Records from a data source
################
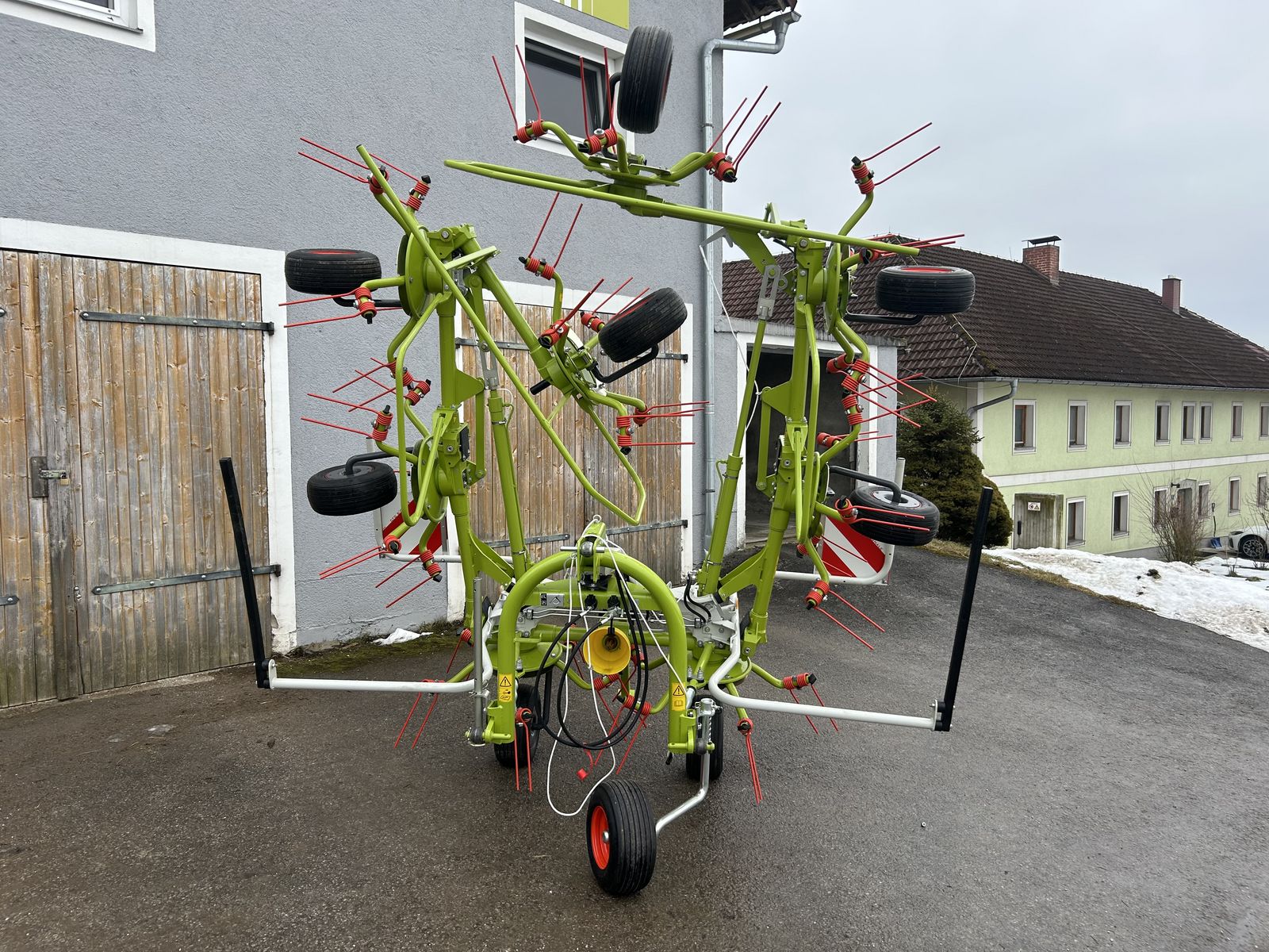 Wender für 3-Punkt-Anhängung, Kat. II Arbeitsbreite 7,70 m Antrieb 540 U/min 8 Kreisel mit je 5 Zinkenträgern Kreiseldurchmesser 1,30 m CLAAS Kraftflusslenker (CKL): Dämpfelemente für ruhiges Nachlaufverhalten, auch bei Kurvenfahrt Direkte Abstützung des gesamten Gewichts in einer Kraftlinie gegen die Unterlenker des Traktors Automatische Zentrierung beim Ausheben am Vorgewende PERMALINK Antriebskonzept: Alle Kreisel beweglich miteinander verbunden Für Klappbewegungen bis zu 180° für kompakte Transportstellung MAX SPREAD Gutflusskonzept: Um 29,3° nach hinten angewinkelte, tangentiale Zinkenanordnung Zinken arbeiten 33% länger nach vorn gerichtet als bei konventioneller Zinkenanordnung Für ca. 10% höhere Arbeitsgeschwindigkeiten als bei konventioneller Zinkenanordnung Gleichmäßige Breitverteilung des Ernteguts Werkzeuglose Streuwinkelverstellung Doppelfederzinken Ø 9,5 mm mit je 5 Windungen Zinken gleichlang und in Super C-Zinkenqualität Zinkennachlauf auf -7°/0°/+7° einstellbar Zinkenverlustsicherung, integriert Kreiselbereifung 8 x 16x6.50-8 Transportbreite 2,93 m Gewicht: ca. 910 kg Hydraulikvoraussetzungen: 1 x dw
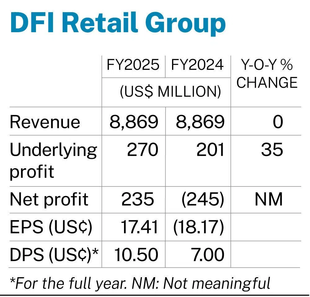 [SINGAPORE] Supermarket and retail store operator DFI Retail Group posted an underlying profit of US$270 million for the year ended Dec 31, 2025, an increase of 35 per cent from US$201 million for the previous financial year.
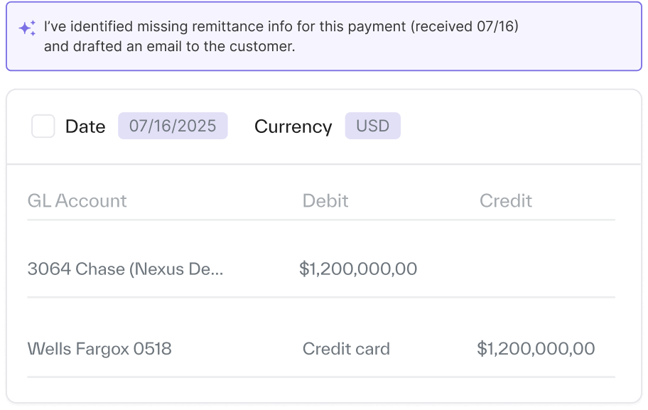 AI agents match incoming payments to open invoices, even with missing, messy, or multi-source remittances.
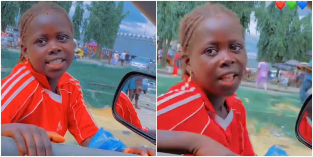 The young beggar, whose identity remains undisclosed, showcased eloquence and charisma as she approached a motorist who had rolled down his car window.
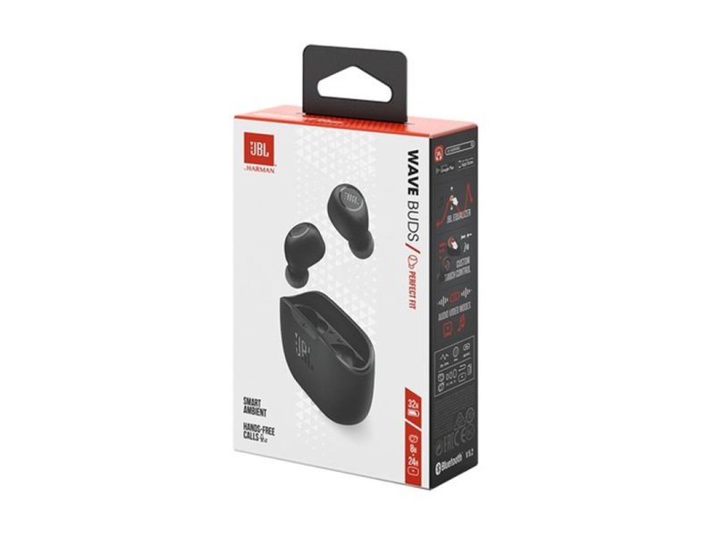 | Karakteristike | Tip slušalica: Bubice Povezivanje: Bluetooth Bluetooth verzija: 5.2 Osetljivost: 100 dB Prečnik zvučnika: 8 mm Frekventni odziv: 20Hz - 20 kHz Impedansa: 16 Ω Napajanje: Punjiva baterija Vreme punjenja baterije: ≈ 2 h Ukupna autonomija baterije: 32 h Autonomija baterije slušalica: 8 h Autonomija baterije kućišta: 24 h Interfejs za punjenje: USB-C Ostalo: JBL Headphones App, Hands Free Call, TalkThru, Touch Control, True Wireless Stepen zaštite slušalica: IP54 Stepen zaštite kućišta: IPX2 Masa slušalica: 9 g Masa kućišta za punjenje: 34 g Boja: Crna |
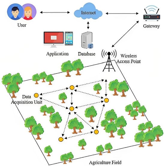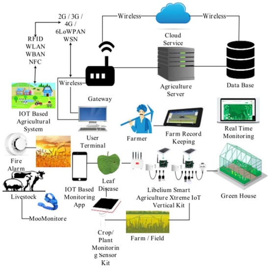 An overall smart agricultural system is presented in Figure 3. This figure demonstrates how various components, including IoT-based sensors, wireless communication protocols, and automated control systems, work together to enhance agricultural productivity and sustainability.
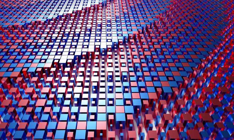 為緊湊的深度感應設計的金屬元件的插圖。它由亞波長間隔的方形納米柱組成。通過交替顯示兩種不同的納米柱圖案(在此以紅色和藍色顯示),該金屬元素同時形成了兩個圖像。這兩個圖像模仿了跳躍蜘蛛眼中分層視網(wǎng)膜捕獲的圖像。圖片來源:郭琦和石柱君/哈佛大學
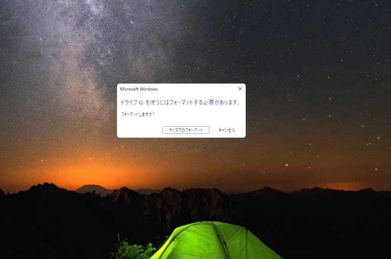「フォーマットしますか?」と表示されると押したくなるかもしれませんが、実行するとSDカードに限らず、エラーメッセージが表示されたデバイス内の全てのデータが消えてしまいます。フォーマットした後には論理的にも情報の痕跡が消されるため、復旧作業の難易度が格段に上がるものです。エラーメッセージは経年劣化や寿命によっても表示されることが多く、SDカードが認識しない・読み込まない状態に陥った際にデータを失いたくない方はエラーメッセージが出てもキャンセルを選び、絶対にフォーマットしないようにしましょう。
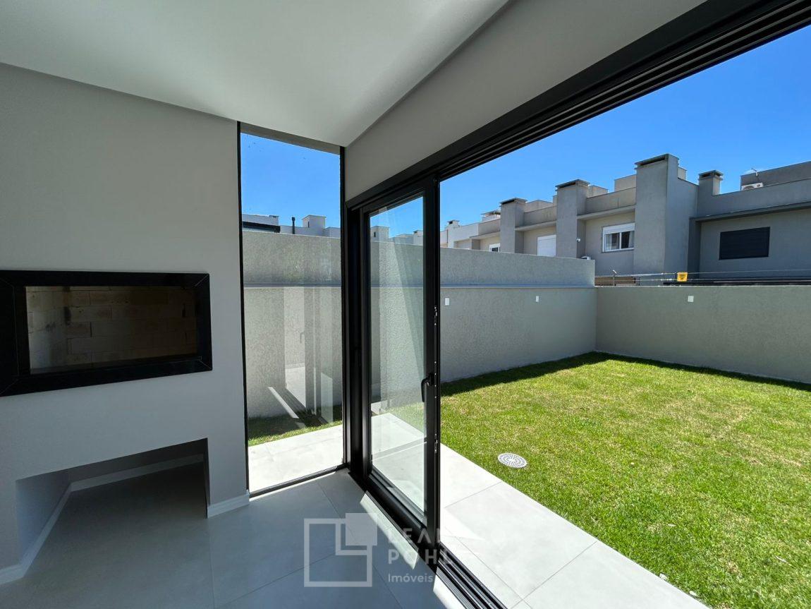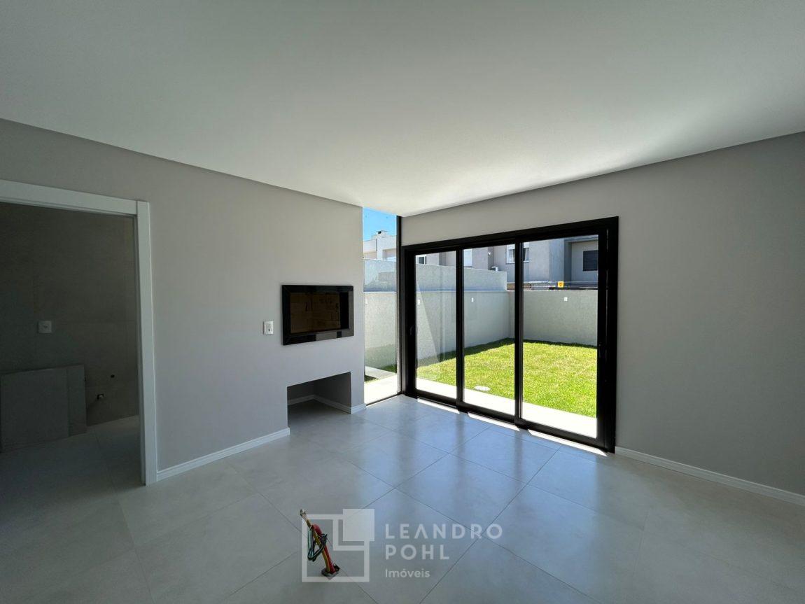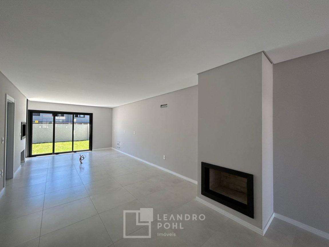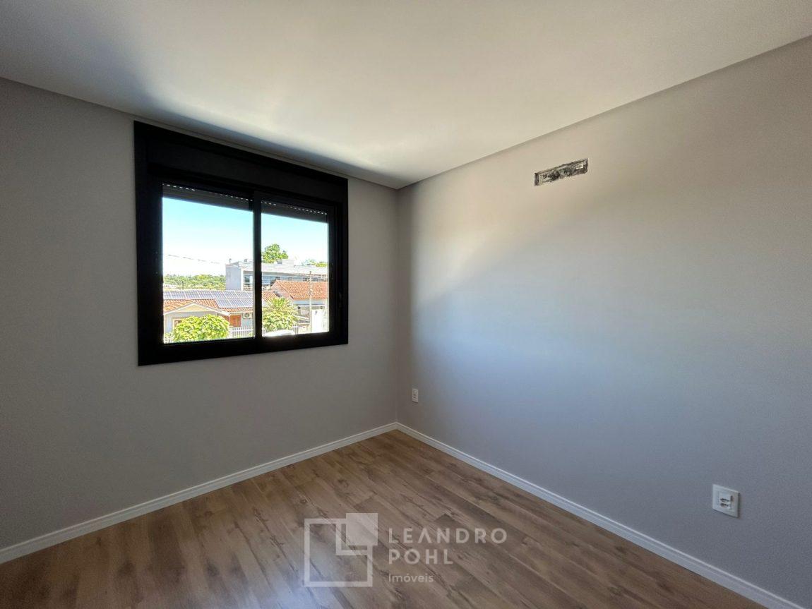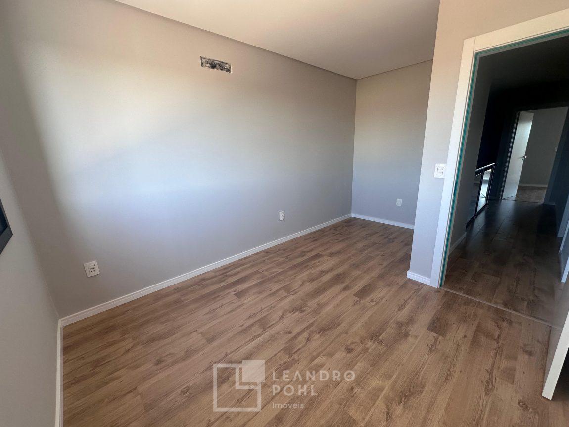 Sobrado de 3 dormitórios com suíte e sacada, living amplo, pátio frente e fundos, despensa, área se serviço separada, espera para split, espera para agua quente, calçada em basalto, lavabo, cercado e murado com vaga para dois carros, novo.
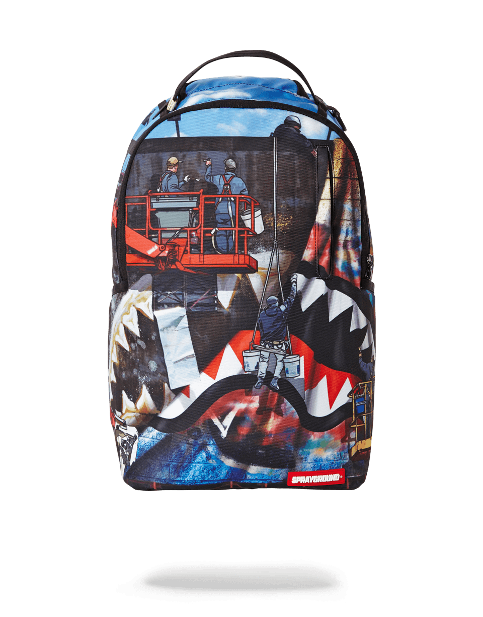 ExteriorDimensions: 18' x 6' x 11.5' • Front zipper pocket • Side pockets • Zippered Stash pocket • Ergonomic mesh back padding • Adjustable Straps for custom sizing • Nylon Zippers with Metal Hardware • Metal 'Sprayground Authentic' badge • Slide through back sleeve connects to Carry on luggage to free your hands
################
**Exercise**. Copy out all the data above exactly, minus the images.

**Solution to this problem**.
 Wender für 3-Punkt-Anhängung, Kat. II Arbeitsbreite 7,70 m Antrieb 540 U/min 8 Kreisel mit je 5 Zinkenträgern Kreiseldurchmesser 1,30 m CLAAS Kraftflusslenker (CKL): Dämpfelemente für ruhiges Nachlaufverhalten, auch bei Kurvenfahrt Direkte Abstützung des gesamten Gewichts in einer Kraftlinie gegen die Unterlenker des Traktors Automatische Zentrierung beim Ausheben am Vorgewende PERMALINK Antriebskonzept: Alle Kreisel beweglich miteinander verbunden Für Klappbewegungen bis zu 180° für kompakte Transportstellung MAX SPREAD Gutflusskonzept: Um 29,3° nach hinten angewinkelte, tangentiale Zinkenanordnung Zinken arbeiten 33% länger nach vorn gerichtet als bei konventioneller Zinkenanordnung Für ca. 10% höhere Arbeitsgeschwindigkeiten als bei konventioneller Zinkenanordnung Gleichmäßige Breitverteilung des Ernteguts Werkzeuglose Streuwinkelverstellung Doppelfederzinken Ø 9,5 mm mit je 5 Windungen Zinken gleichlang und in Super C-Zinkenqualität Zinkennachlauf auf -7°/0°/+7° einstellbar Zinkenverlustsicherung, integriert Kreiselbereifung 8 x 16x6.50-8 Transportbreite 2,93 m Gewicht: ca. 910 kg Hydraulikvoraussetzungen: 1 x dw
 [SINGAPORE] Supermarket and retail store operator DFI Retail Group posted an underlying profit of US$270 million for the year ended Dec 31, 2025, an increase of 35 per cent from US$201 million for the previous financial year.
 AI agents match incoming payments to open invoices, even with missing, messy, or multi-source remittances.
 The young beggar, whose identity remains undisclosed, showcased eloquence and charisma as she approached a motorist who had rolled down his car window.
 | Karakteristike | Tip slušalica: Bubice Povezivanje: Bluetooth Bluetooth verzija: 5.2 Osetljivost: 100 dB Prečnik zvučnika: 8 mm Frekventni odziv: 20Hz - 20 kHz Impedansa: 16 Ω Napajanje: Punjiva baterija Vreme punjenja baterije: ≈ 2 h Ukupna autonomija baterije: 32 h Autonomija baterije slušalica: 8 h Autonomija baterije kućišta: 24 h Interfejs za punjenje: USB-C Ostalo: JBL Headphones App, Hands Free Call, TalkThru, Touch Control, True Wireless Stepen zaštite slušalica: IP54 Stepen zaštite kućišta: IPX2 Masa slušalica: 9 g Masa kućišta za punjenje: 34 g Boja: Crna |
 An overall smart agricultural system is presented in Figure 3. This figure demonstrates how various components, including IoT-based sensors, wireless communication protocols, and automated control systems, work together to enhance agricultural productivity and sustainability.
 為緊湊的深度感應設計的金屬元件的插圖。它由亞波長間隔的方形納米柱組成。通過交替顯示兩種不同的納米柱圖案(在此以紅色和藍色顯示),該金屬元素同時形成了兩個圖像。這兩個圖像模仿了跳躍蜘蛛眼中分層視網(wǎng)膜捕獲的圖像。圖片來源:郭琦和石柱君/哈佛大學
「フォーマットしますか?」と表示されると押したくなるかもしれませんが、実行するとSDカードに限らず、エラーメッセージが表示されたデバイス内の全てのデータが消えてしまいます。フォーマットした後には論理的にも情報の痕跡が消されるため、復旧作業の難易度が格段に上がるものです。エラーメッセージは経年劣化や寿命によっても表示されることが多く、SDカードが認識しない・読み込まない状態に陥った際にデータを失いたくない方はエラーメッセージが出てもキャンセルを選び、絶対にフォーマットしないようにしましょう。
 Sobrado de 3 dormitórios com suíte e sacada, living amplo, pátio frente e fundos, despensa, área se serviço separada, espera para split, espera para agua quente, calçada em basalto, lavabo, cercado e murado com vaga para dois carros, novo.
 ExteriorDimensions: 18' x 6' x 11.5' • Front zipper pocket • Side pockets • Zippered Stash pocket • Ergonomic mesh back padding • Adjustable Straps for custom sizing • Nylon Zippers with Metal Hardware • Metal 'Sprayground Authentic' badge • Slide through back sleeve connects to Carry on luggage to free your hands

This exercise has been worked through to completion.